Это была целая процедура, для которой викарий брал шесть бутылок баварского, а алтарист — поллитра водки, — той, что подороже, за 60 копеек. Настоятель обычно отправлялся из бани прямо домой, Канявы его к себе не приглашали: что делать с гостем, который ни к чему не притрагивается? А с этими двумя можно было «охлаждаться» до второго пота; тем временем хозяйка ставила на стол кипящий самовар, подавала масло, сыр, а порой и ветчину, хотя сама по субботам от мясного воздерживалась.

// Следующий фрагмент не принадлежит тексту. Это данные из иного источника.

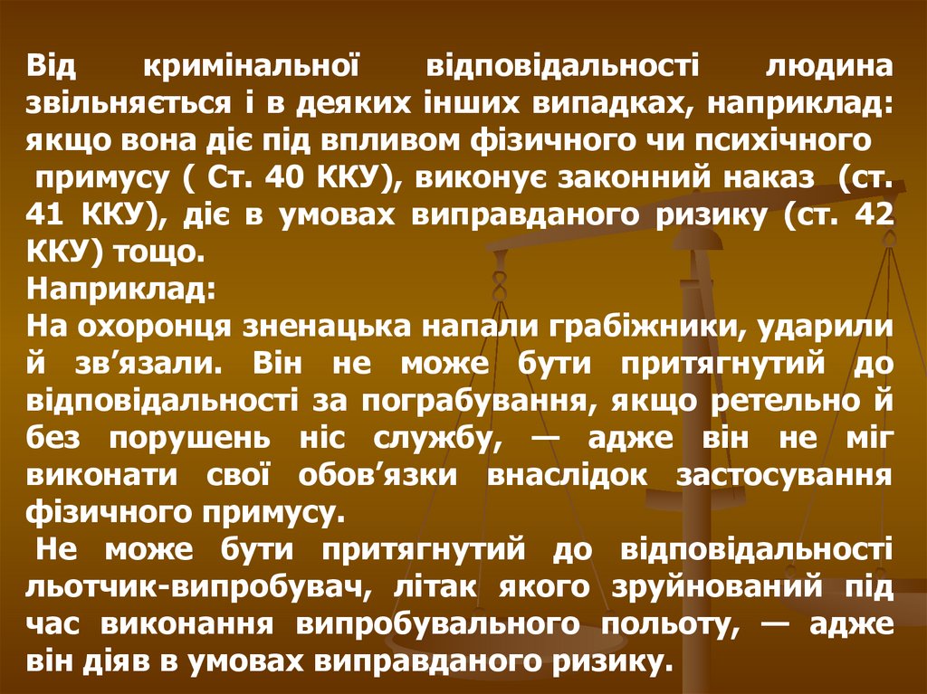 41 ККУ), діє в умовах виправданого ризику (ст. 42

Крестный Ваурус с женушкой все чаще сидели в своем уголке — они не привыкли находиться среди такого множества случайных людей, постоянно видеть на столе бутылку. Супруги ничего не говорили друг другу, хотя обоих терзало одинаковое предчувствие: если Винцас с женой будут кутить и дальше, долг свой им никогда не выплатить.

ОБЛЕЧЕННЫЙ ПОЛНОМОЧИЯМИ

Приход уже называл таузайского Каняву пьющим — пока не пьяницей, нет: в пьяном виде его никто не видел, но пьющим — когда угодно и где угодно. Не по душе это пришлось старому настоятелю, и все же Винцентасу он ничего не сказал: свое непотребное поведение Винцасу удавалось скрашивать ореолом другой славы — Робинзона, трудолюбца, начинателя.

К тому же, как бы там ни было, Канява был единственным в приходе прогрессивным хозяином, просвещенным гражданином. Вечно этот неугомонный человек придумывал что-нибудь из ряда вон выходящее: то новое орудие для обработки земли невесть откуда привезет, то отборные семена или искусственные удобрения.

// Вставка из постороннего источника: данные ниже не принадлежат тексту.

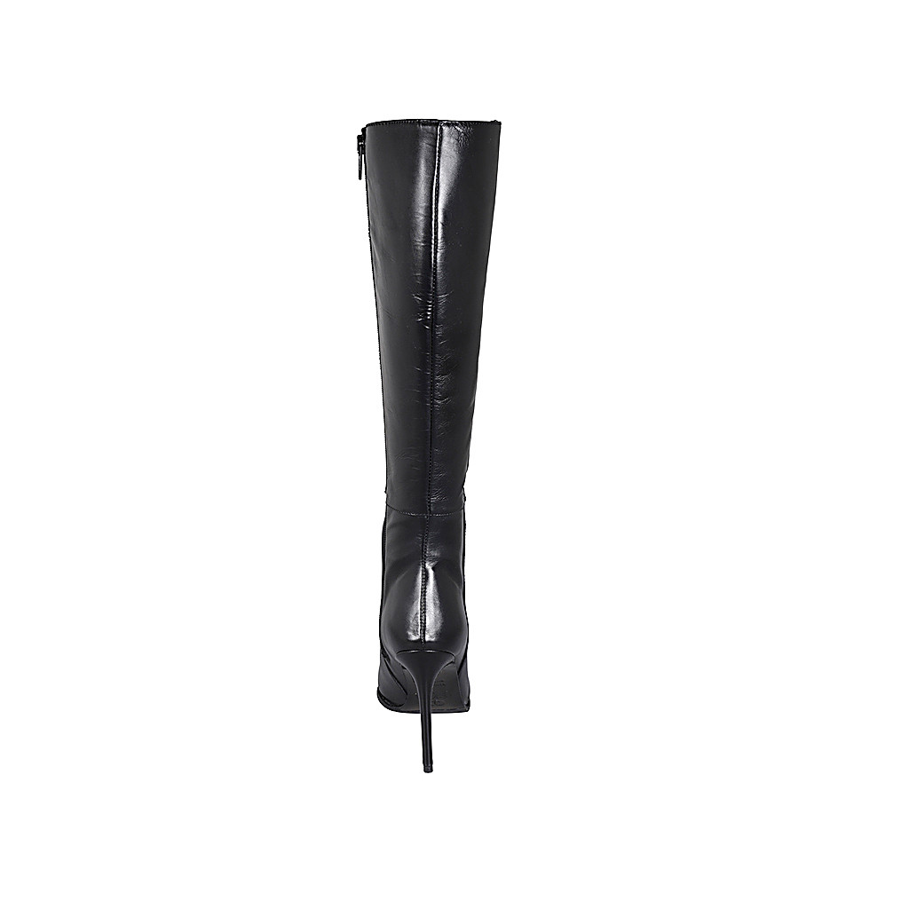 Spitzer Damenstiefel aus schwarzem Leder mit Reiβverschluss Absatz 10

Вся округа сбегалась поглядеть, как пашут плугом, как веют веялкой или жнут жаткой рожь. И уважение к Каняве возрастало с каждым разом. Никто пока не осознавал, что если в лесу и на стройке первенство держал Винцас, то в хозяйстве главенствовал по существу Антанас. За его плечами был опыт хозяйствования в деревне. На долю же хозяина Винцаса оставался лишь почетный титул.

Ну, а что касается питья, то кто ж не пил? Пожалуй, один Ваурус и был трезвенником да покойный отец Винцаса, царство ему небесное. К тому же Канява приглашал в собутыльники священников — господ, не кого-нибудь, и это многое меняло. Ладно еще, что хоть пили в меру. Настоятелю не доводилось на своем веку слышать о распущенных парнях, которые бы намеренно употребили большую «дозу», чтобы напиться.

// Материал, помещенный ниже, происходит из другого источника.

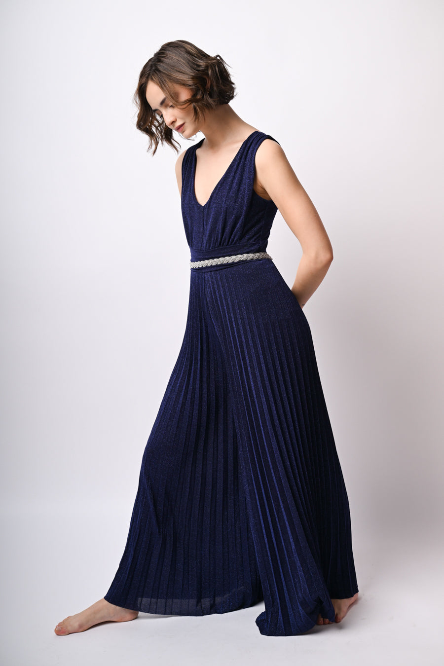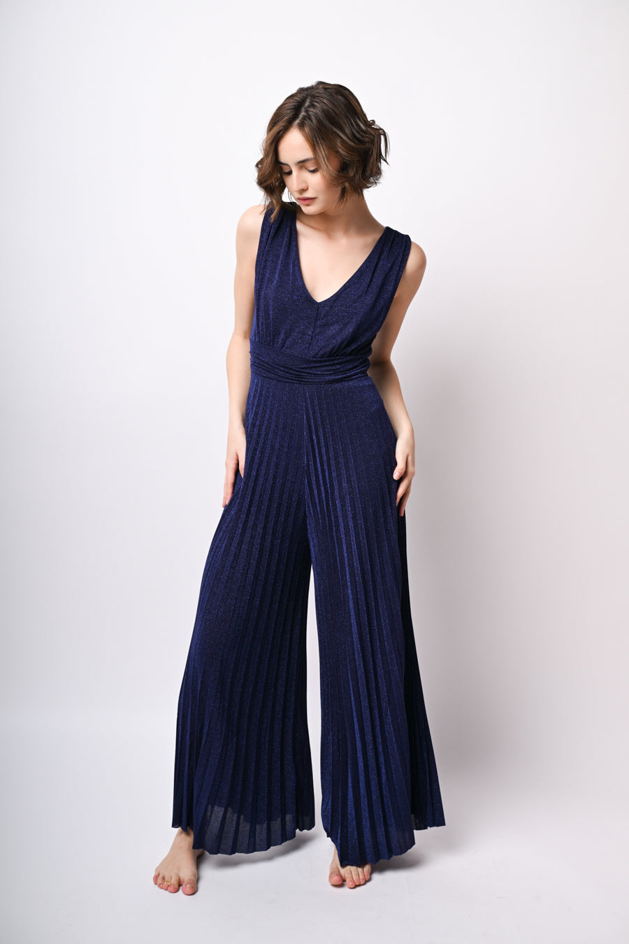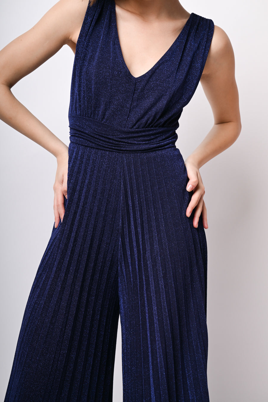 Tuta in jersey misto viscosa lurex blu con scollo a V, fascia drappeggiata alla vita, chiusura a goccia sul retro con bottone e pantaloni a gamba ampia plissé.

Канява был молод, еще очень молод, однако уже четвертый год ходил в дядях; он вошел в эту роль и даже погрузнел, как и подобает дяде; Винцас отличался от остальных мужчин кряжистым телом и розовой кожей шеи и лица. А это очень хорошо сочеталось с его светлыми волосами. Теперь Винцентас Канява был красив мужской красотой, как когда-то жениховской; словом, такого только господином и называть. И когда скончался глава духовного братства, староста прихода, настоятель предложил избрать новым главой господина Каняву из деревни Таузай.

В тот же миг всеми овладела зависть.

— Что? Этакого, извините за выражение, сопляка, сразу сделать первым прихожанином? Разве нет у нас степенных стариков?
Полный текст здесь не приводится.